К этому надо добавить, что, подрастая, мы с братом стали страстными охотниками, что поощрялось отцом, как наследственная и понятная ему черта, охота же в отношении свободы давала самые широкие возможности.
Ружейным охотником я стал позднее, нежели псовым, что объяснялось не столько мальчишеской психологией, склонной к сильным переживаниям, сколько тем, что отец разрешил нам взять в руки ружьё много позднее, нежели сесть на коня. Он весьма резонно считал, что сломать себе шею мы имеем гораздо больше права, нежели рисковать жизнью других. Это соображение было как нельзя более основательно, так как в первые годы моей ружейной охоты только божья милость да счастливое стечение обстоятельств помешало нам перестрелять друг друга. К охотничьим истокам моего детства относится начало моей многолетней дружбы и с Алёшей Самойловым, крестьянским мальчиком, с которым меня свёл наш земский врач. Заметив ту страсть и интерес, который я обнаруживал к птицам и зверям, он в разговоре с моей матушкой по этому предмету упомянул о том, что его поразил своим знанием природы крестьянский мальчик лет 12‑ти из соседнего с нашим имением села Покровского. Мальчик этот сопровождал доктора на охоту и заинтересовал его как самородок-естествоиспытатель.

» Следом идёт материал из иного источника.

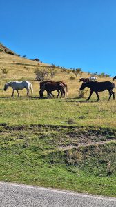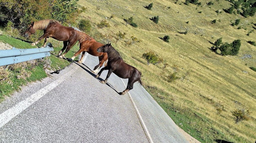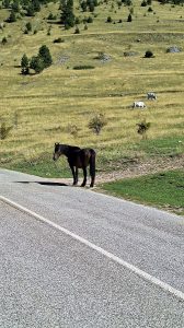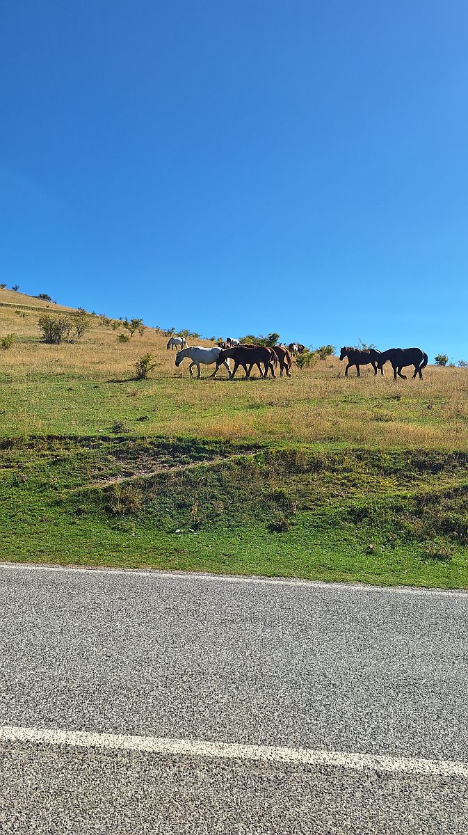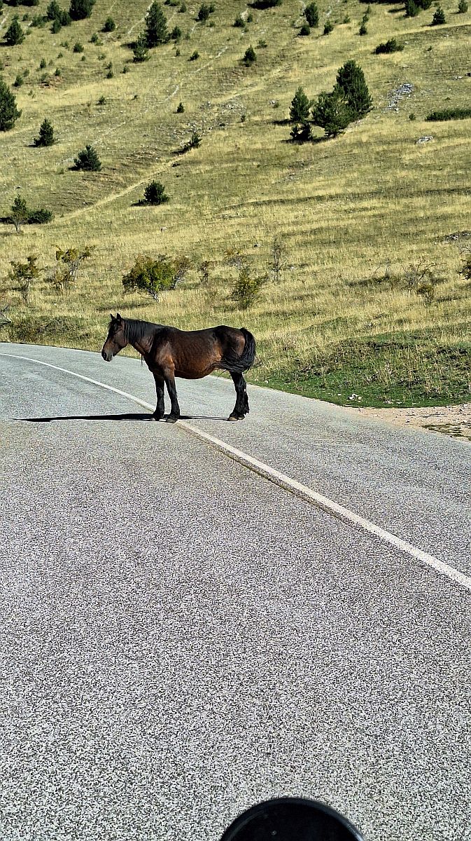 Ein Pferd geht auf die Straße und bleibt stehen. Es sieht so aus, als ob damit der Weg gesperrt werden soll. Es folgen weitere Pferde, die die Straße überqueren. Uns immer im Blick, entweder aus Neugier oder um zu sehen, ob wir etwas unternehmen.

Нечего и говорить, что я немедленно занялся этой увлекательной для меня личностью, разыскал его, и скоро на почве общих интересов и охотничьей страсти у нас возникла тесная дружба, продолжавшаяся вплоть до того времени, когда революция заставила меня навсегда покинуть родные места.
Прожив всё детство и юность в деревне, мои братья и я имели самые демократические вкусы и всегда старались с дворовыми ребятишками быть в чисто товарищеских отношениях, что в их глазах нисколько не стирало между нами социальных перегородок. Такое положение вещей в детстве я считал для себя очень обидным и всеми силами старался его сгладить, но всегда к своей досаде наталкивался на сопротивление с той стороны, с какой этого меньше всего можно было ожидать.
Так случилось и так продолжалось за всё время нашей дружбы и с Алёшей, который категорически раз навсегда отказался перейти со мной на «ты», относясь к этому моему желанию с осуждением и как к явной барской блажи. То же самое отношение обнаружила ко мне и его семья, когда я бывал у него в деревне. Приглашая сесть с ними обедать за общий стол, мать Алёши неизменно подсовывала мне вместо чёрного хлеба, который я всю жизнь очень любил, купленную специально для этого белую булку, с добавлением злившей меня сентенции, «что не полагается господам есть мужицкое». Мне было очень досадно на эту вечную стенку, которая постоянно отделяла нас с братом от привычной и близкой среды наших деревенских приятелей.
Ещё хуже было, когда попытки к уничтожению социальных границ нами предпринимались в отцовской усадьбе. Как Алёша, так и любой из наших приятелей деревенских мальчиков, когда их с трудом удавалось заманить в господский дом, явно чувствовали себя не на месте и никакой приятельской беседы в этом случае не удавалось наладить. Гость смущённо молчал, с опаской оглядываясь по сторонам и лишь изредка решаясь произнести несколько слов, да и то шёпотом. Он явно тяготился визитом и ожидал, как избавления, когда наконец мог уйти. Часто случалось, что подобный гость, несмотря на протесты смущённых хозяев, вдруг принимался за какую-нибудь добровольную работу у нас в комнате в виде чистки ружей или охотничьих принадлежностей.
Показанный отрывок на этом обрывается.